Ntvnews.id, Jakarta - Aksi teror terhadap Majalah Tempo, berupa kiriman kepala babi dan bangkai tikus, merupakan ancaman serius bagi demokrasi. Tindakan semacam ini tidak boleh dibiarkan dan harus segera ditindaklanjuti oleh aparat penegak hukum untuk mengungkap siapa dalang di balik teror ini.
"Saya mengutuk pelaku teror terhadap Majalah Tempo. Saya tidak pernah setuju cara-cara biadab seperti itu,"ujar Wakil Menteri Ketenagakerjaan (Wamenaker), Immanuel Ebenezer, di Jakarta pada Minggu, 23 Maret 2025.
Aktivis 98 yang dikenal dengan panggilan Noel menegaskan bahwa pers nasional telah berjuang keras dalam membangun demokrasi di Indonesia. Dengan pengorbanan besar yang telah dilakukan, sangat tidak pantas jika masih ada upaya intimidasi terhadap pers.
"Dalam semua sequence (urutan) perjuangan demokrasi nasional, pers sebagai Pilar Demokrasi Keempat, selalu menjadi katalisator. Maka teror terhadap Majalah Tempo adalah perbuatan biadab," tegasnya.

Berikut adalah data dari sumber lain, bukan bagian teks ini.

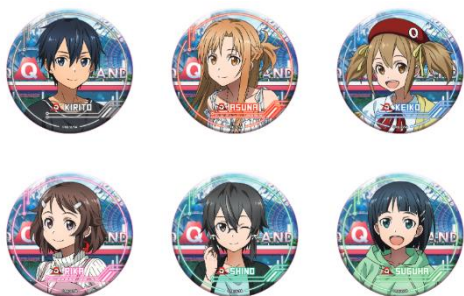
TD缶バッジ 全6種 各594円（税込）

Di sisi lain, Noel menyoroti bahwa pemerintahan Prabowo-Gibran selalu menunjukkan keterbukaan terhadap kritik. Pemerintah saat ini menerima berbagai masukan dengan sikap demokratis dan tidak alergi terhadap kritik.
Kantor Tempo mendapat kiriman kepala babi pada 19 Maret 2025. Kepala babi tersebut dibungkus kotak kardus yang dilapisi styrofoam. Kotak berisi kepala babi tersebut ditujukan kepada “Cica”. Di Tempo, Cica adalah nama panggilan Francisca Christy Ros (DOKUMENTASI)
Sebagaimana diketahui, pada Rabu, 19 Maret sore, sebuah paket dalam kardus berlapis styrofoam dikirimkan ke kantor Grup Tempo di Jalan Palmerah Barat, Jakarta Selatan. Paket tersebut ditujukan kepada wartawan Desk Politik Tempo, Francisca Christy Rosana (Cica). Saat dibuka, paket tersebut berisi kepala babi tanpa kuping.
Pengirim paket diketahui mengendarai sepeda motor matic berwarna putih, mengenakan jaket hitam dan celana jins, serta memakai helm ojek online.
Tak berhenti di situ, pada Sabtu, 22 Maret 2025, sekitar pukul 02.11 WIB, Tempo kembali menjadi sasaran teror. Kali ini, seseorang melemparkan sebuah kardus berisi enam bangkai tikus yang kepalanya telah dipenggal. Kardus tersebut dibungkus dengan kertas kado dan ditemukan oleh petugas kebersihan Tempo.
"Ada adagium yang berkata: tidak ada kejahatan yang sempurna. Dengan adanya rekaman CCTV, maka teknologi face recognition (pengenalan wajah) milik Polri, seharusnya bisa mengungkap siapa pelaku teror ini,"ujar Noel.
Noel menegaskan bahwa pelaku tidak bisa hanya diberikan pengampunan, tetapi harus diproses hukum hingga tuntas. Aksi teror ini telah mengguncang demokrasi dan menarik perhatian pers nasional maupun internasional.
"Peristiwa ini sungguh mempermalukan demokrasi Indonesia. Maka demi penghormatan terhadap demokrasi dan Pasal 28 Undang-Undang Dasar (UUD) 1945, pelaku harus ditemukan dan diproses secara hukum," katanya.